Another reason why Kasturi felt good supporting the brand other than the quality and the sustainability aspect is the fact that it supports local artisans and weavers. These fabrics come from different weaving clusters across the country sourced directly from artisan communities.
Seven years ago, Khushboo Sheikh was in the 8th standard when her father had to undergo a major operation due to liver problems. Her father was a professional zardosi artist but had to stop working after the operation as it started taking a toll on his health. It was very difficult for the family to make ends meet. Thankfully, she could finish her schooling because her brothers were working at the time and they could fund her education.
However, once she started going to college she wanted to be financially independent. One day, her brother-in-law who is an artisan told her about Kurio and how she could earn money by working at home. Kushboo, now 20, is on her way to finishing the third year of her B.Com degree.
It has been three years since she started working for Kurio making small patches out of waste material for brooches, pouches and other accessories. “I like working with Kurio because not only this gives me the comfort from working at home, I have also been given training in leaning new skills like stitching,” says Khushboo joyously. Her brother-in-law is also a karigar (artisan) who is working closely with Kurio, producing footwear for them.
So, how did they get the karigars on board?
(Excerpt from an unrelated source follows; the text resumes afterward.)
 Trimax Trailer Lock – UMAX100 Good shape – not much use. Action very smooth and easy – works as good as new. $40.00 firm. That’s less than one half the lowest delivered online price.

Reaching out to the Karigars was purely ground-work, says Megha. She also adds that convincing them was a challenge because it involves developing trust, training and managing the karigars. However, they overcame this challenge by getting in touch with local NGOs who had contextual knowledge and were already working with these artisans.
“Karigars also started taking interest because they were getting regular payment along with regular, assured work,” she adds. Since they began in 2015, Megha asserts that Kurio has impacted the lives of at least 200 such artisans if not more.
Other challenges that Megha faces is developing a network and a supply chain for the materials. Also, since Kurio is a bootstrapped business, it is a challenge managing working capital. But, with time and experience, Megha believes that these challenges are being dealt with one day at a time.
Fashion being the second largest contributor to pollution, Megha truly believes that there is an ardent need for more initiatives and businesses that produce sustainably. “We strongly believe that environmental damage can be countered only if we make sustainable fashion more available, accessible and affordable. And currently, we are aiming for the same,” she says, signing off.